ACHR The News: Women Flourish in HVAC Industry Positions
Targeting women for careers in the trades could lessen labor shortages
By Nicole Krawcke, Business Management Editor for www.achrnews.com
Women-owned businesses are thriving. Currently, 9.4 million women-owned businesses are operating in the U.S. in 2015 — employing more than 7.9 million people and generating nearly $1.5 trillion in revenue, according to the 2015 State of Women-Owned Businesses Report from American Express.
Additionally, between 1997 and 2015, the number of women-owned businesses increased at a rate one and a half times the national average, the report said.
However, the construction industry lags behind, as only 7 percent of such firms are owned by women. And, even fewer women work as technicians in the HVAC field. Just 1.2 percent of the workforce was female in 2014, according to the U.S. Bureau of Labor Statistics (BLS).
Yet, despite the data, female professionals in the HVAC industry said they’re seeing more and more women entering the field.
Kelly Eustice, COO of Heating & Plumbing Engineers Inc. (HPE) in Colorado Springs, Colorado, represents the third generation of her family to lead HPE. She and her husband took over the company following her father’s retirement in 2004.
Originally serving as CEO and company president, she and her husband elected to switch titles, as she felt she was more of an asset to the business in an operations role.
“I really found a home in the field, so I took over field operations,” Eustace said. “I like being out in the field; it’s where I’m the most comfortable and confident.
“I love that tradesfolk have such pride in what they do,” she continued. “That’s what gets me going in the morning. It’s why I come to work.
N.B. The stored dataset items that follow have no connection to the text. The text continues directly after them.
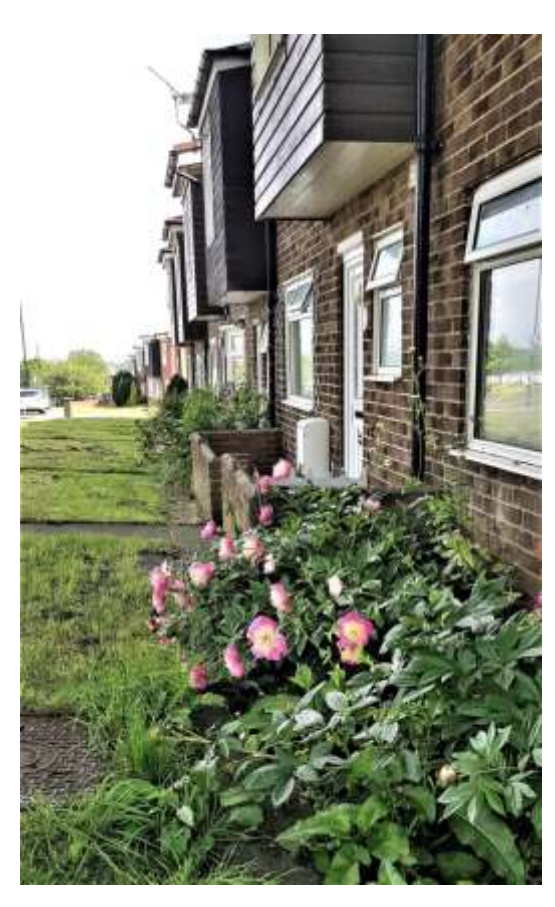
Peony Rose, Bedeburn Road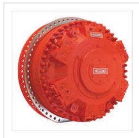
Hagglunds Radial Piston Hydraulic Motor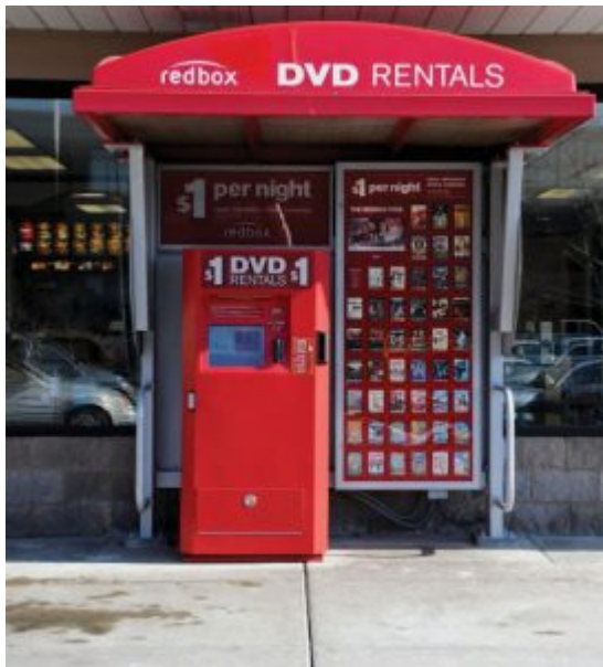
Figure 6.7: Redbox machines are available nationwide.

Focused cost leadership is the first of two focus strategies. A focused cost leadership strategy requires competing based on price to target a narrow market (Table 6.6). A firm that follows this strategy does not necessarily charge the lowest prices in the industry. Instead, it charges low prices relative to other firms that compete within the target market. Redbox, for example, uses vending machines placed outside grocery stores and other retail outlets to rent DVDs of movies for $1. There are ways to view movies even cheaper, such as through the flat-fee streaming video subscriptions offered by Netflix. But among firms that rent actual DVDs, Redbox offers unparalleled levels of low price and high convenience.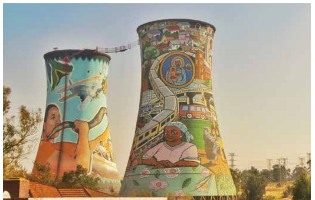
The Orlando Power Station cooling towers in Soweto, South Africa. The coal-fired power station was decommissioned in 1998 after 56 years of service. Unlike coal, nuclear energy remains a much cleaner source of fuel to date.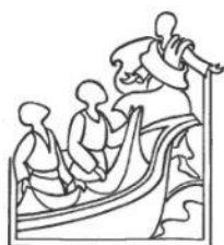
1. The Catch and the Call —Luke 5:1-11

Refrain: Along the road with Jesus, come follow, follow, everyone. Along the road with Jesus, come with us, and sing this song.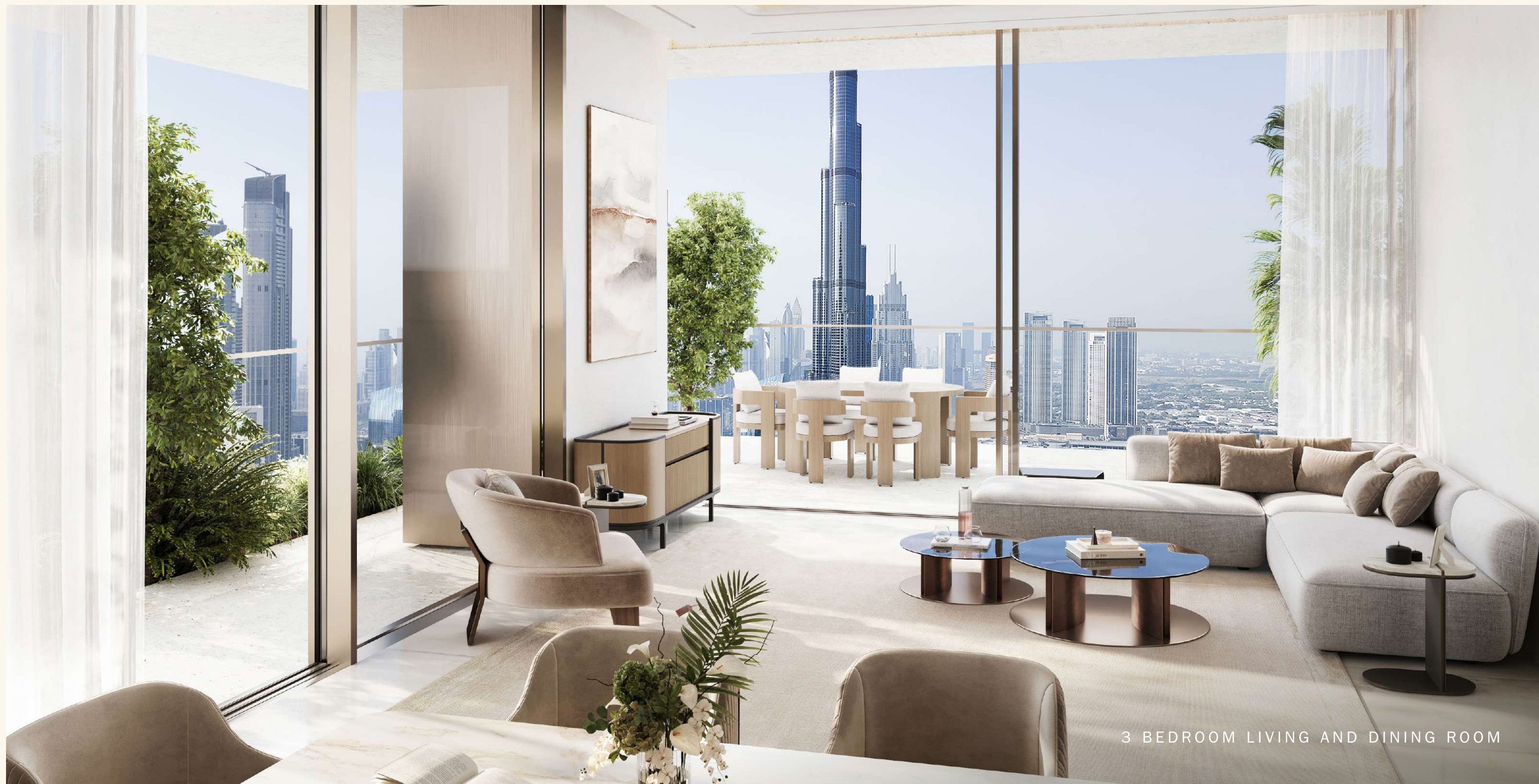
3 BEDROOM LIVING AND DINING ROOM

I want to see all of them succeed.”
Eustace, who was recently honored with the 2015 Women of Influence Award from the Colorado Springs Business Journal, said she was proud to have one woman in HPE’s union apprenticeship program and another in its piping and plumbing apprenticeship program.
“I don’t think there are challenges in this industry as a woman,” Eustace said. “I look at everybody as individuals. And there are a lot more women in our industry than there have ever been. Everyone I’ve come across or worked with has been extremely respectful and supportive of my success. A lot of women don’t see the opportunities that exist, and they’re not around enough women who work in these roles to realize all the benefits a career in this industry can afford them.”